The late Hassan Stima, who was killed in xenophobic attacks in South Africa. [PHOTO: TOBIAS CHANJI/STANDARD

Kwale, Kenya: The first known Kenyan killed in South Africa’s xenophobic rampage was buried in Mwembe Ngoma village, Msambweni, in Kwale County, Saturday.

Hassan Stima, a former casual labourer in Johannesburg, is said to have been attacked in his house on April 17 in Johannesburg, where he lived with an unidentified woman.

Reports indicate he was attacked by a mob for living with the woman.

“We are told he was attacked in his house at around 8am in the morning. He was living with a South African woman but she was not introduced to us as his wife,” said his aunt Mishy Stima.

A wave of xenophobic attacks against foreign African nationals hit the cities of Durban and Johannesburg last month.
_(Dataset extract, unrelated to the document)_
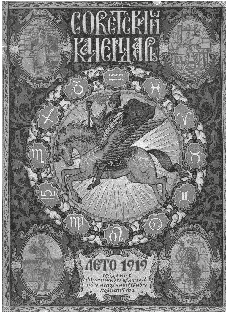
Титульный лист первого советского календаря (Советский календарь на 1919 год. М.: Издательство ВЦИК, 1918)

страницах советских отрывных календарей, а именно: выход первой русской книги (Апостол), казнь Стеньки Разина, Невская битва, Куликовская битва и др. 20

Foreign nationals were accused of taking away jobs and businesses from natives.

Last week, the director of diaspora affairs at the Ministry of Foreign Affairs, Washinton Oloo, denied knowledge of Hassan’s death and claimed all Kenyans in South Africa are safe. But he disclosed that a Kenyan civil servant was found dead in a hotel recently.

Hassan’s decomposed remains arrived at the Jomo Kenyatta International Airport (JKIA) on Thursday night and was ferried to Kwale by road, arriving yesterday morning. The deceased’s impoverished family had waited for weeks for the body of the 33-year-old.

Hassan’s sister Mwanatumu Juma narrated the tribulations the family went through to bring the body home without government assistance amid reports the deceased lived in South Africa as an undocumented resident. “We spent the Sh63,000 Hassan had saved. The rest came from donations,” she said.

“His entire body was fine but the head was badly damaged,” said Mohamed Stima, the deceased’s father.

Mr Stima said Kenyans living in South Africa called to inform him that his son had been hit in the head and  admitted to the Intensive Care Unit (ICU) with internal bleeding.

Hassan went into a coma and died four days later. Family members say the late Hassan went to South Africa in 2006.